Once the line containing "Sharing is caring." is found in the entries below, reproduce it and every line after it, stopping at and including the line containing "1.UHPLC- 高分辨率 MS"; reproduce nothing else, and keep each line exact.
-------- PROVIDED RECORDS
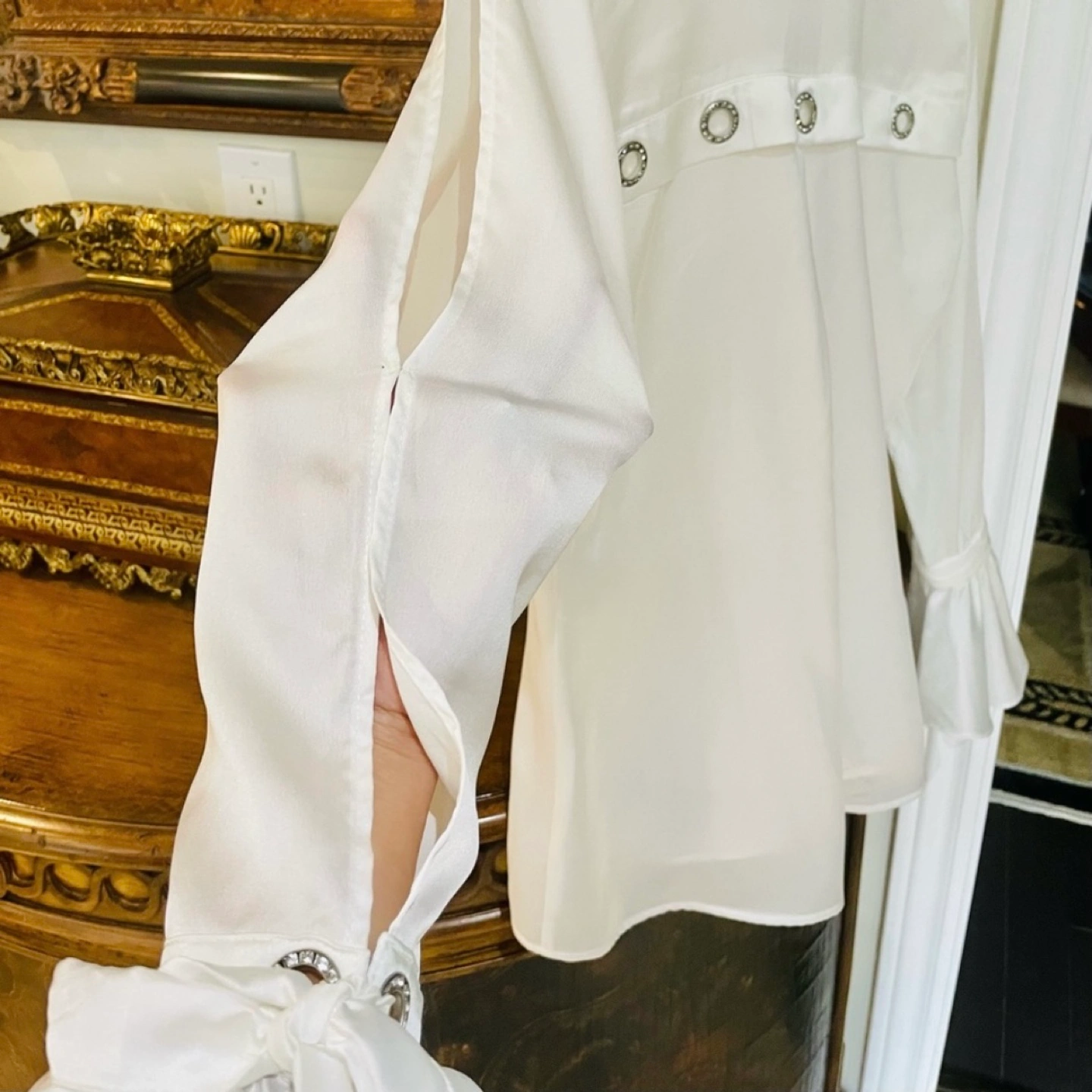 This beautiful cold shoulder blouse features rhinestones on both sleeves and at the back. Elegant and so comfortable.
----------------
-------- PROVIDED RECORDS
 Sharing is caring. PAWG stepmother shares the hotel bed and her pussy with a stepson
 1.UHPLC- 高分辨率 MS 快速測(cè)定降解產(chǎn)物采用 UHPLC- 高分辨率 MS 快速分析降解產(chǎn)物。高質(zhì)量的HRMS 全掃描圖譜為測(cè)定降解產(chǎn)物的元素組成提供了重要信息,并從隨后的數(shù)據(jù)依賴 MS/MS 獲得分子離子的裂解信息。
----------------
RESPONSE AREA>
 Sharing is caring. PAWG stepmother shares the hotel bed and her pussy with a stepson
 1.UHPLC- 高分辨率 MS 快速測(cè)定降解產(chǎn)物采用 UHPLC- 高分辨率 MS 快速分析降解產(chǎn)物。高質(zhì)量的HRMS 全掃描圖譜為測(cè)定降解產(chǎn)物的元素組成提供了重要信息,并從隨后的數(shù)據(jù)依賴 MS/MS 獲得分子離子的裂解信息。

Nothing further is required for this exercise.